> **Data**
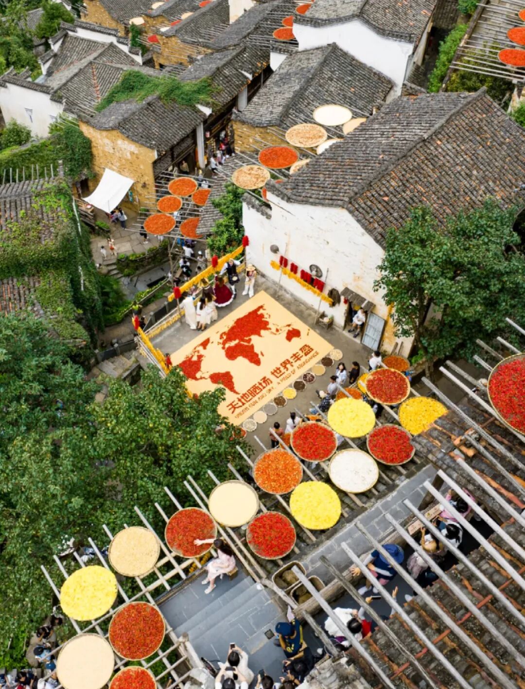 【篁岭晒秋】 挂在山崖上的篁岭古村,“地无三尺平”,数百栋徽派民居在百米落差的坡面错落排布,每当日出山头,晨曦映照,整个山间房屋晒架上五彩缤纷的丰收果实,绘就出美丽的“晒秋”农俗景观。春晒茶叶、夏晒山蕨、秋晒果蔬、冬晒乡俗……一年四季延绵有续。“晒秋”是篁岭古村500年来延续至今的晒谷物特色民俗景象。它反映了以篁岭为代表的山居民众原生态的晒物农俗,是劳动人民对丰收喜庆和未来生活所赋予的质朴美好的期待,并逐渐沉积为一种民俗和文化。
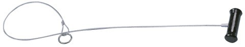 Chytací lanová smyčka k fixaci prasat s dřevěným úchytem a uvolňovacím kroužkem.
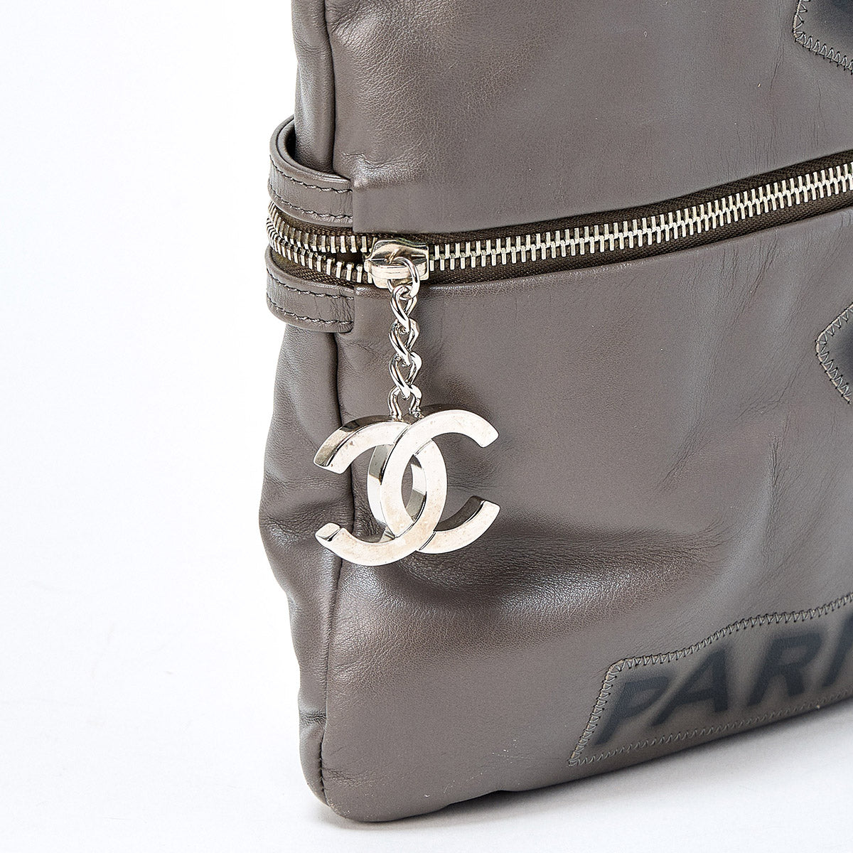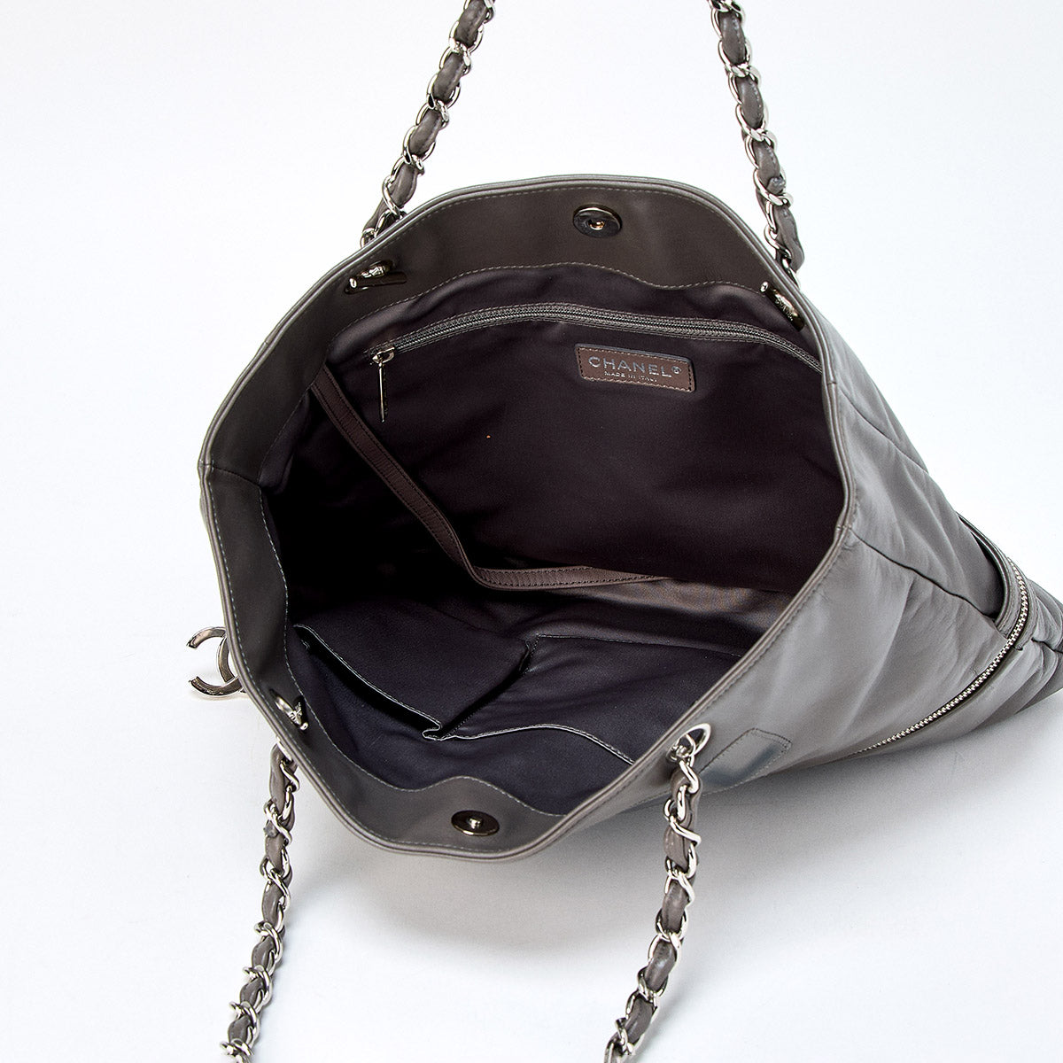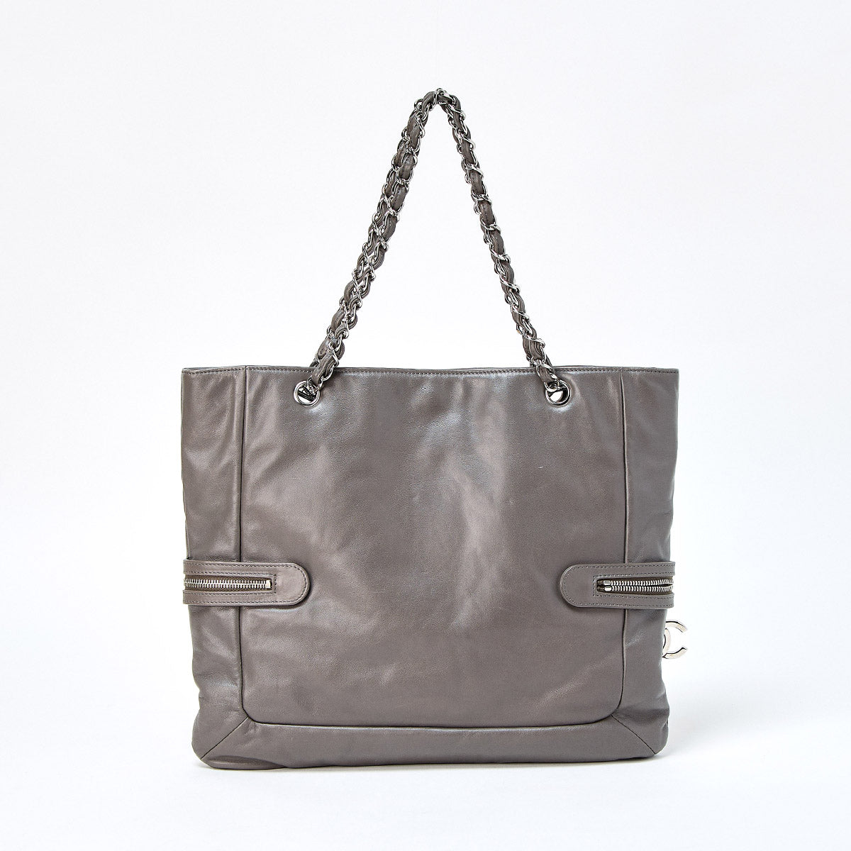 CHANEL COCO Mark Paris London Chain Tote 2008 Tote Bag Grey Silver Calf Skin Auth
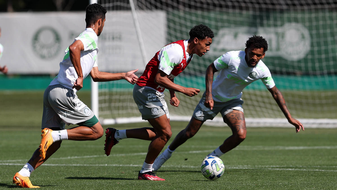 Os jogadores David Kauã, Luighi e Ian (E/D), da SE Palmeiras, durante treinamento, na Academia de Futebol. (Foto: Cesar Greco/Palmeiras/by Canon)

> **Instructions to follow**
The reply should contain every line of the material exactly, and no images.

> **Response for this exercise**
 【篁岭晒秋】 挂在山崖上的篁岭古村,“地无三尺平”,数百栋徽派民居在百米落差的坡面错落排布,每当日出山头,晨曦映照,整个山间房屋晒架上五彩缤纷的丰收果实,绘就出美丽的“晒秋”农俗景观。春晒茶叶、夏晒山蕨、秋晒果蔬、冬晒乡俗……一年四季延绵有续。“晒秋”是篁岭古村500年来延续至今的晒谷物特色民俗景象。它反映了以篁岭为代表的山居民众原生态的晒物农俗,是劳动人民对丰收喜庆和未来生活所赋予的质朴美好的期待,并逐渐沉积为一种民俗和文化。
 Chytací lanová smyčka k fixaci prasat s dřevěným úchytem a uvolňovacím kroužkem.
 CHANEL COCO Mark Paris London Chain Tote 2008 Tote Bag Grey Silver Calf Skin Auth
 Os jogadores David Kauã, Luighi e Ian (E/D), da SE Palmeiras, durante treinamento, na Academia de Futebol. (Foto: Cesar Greco/Palmeiras/by Canon)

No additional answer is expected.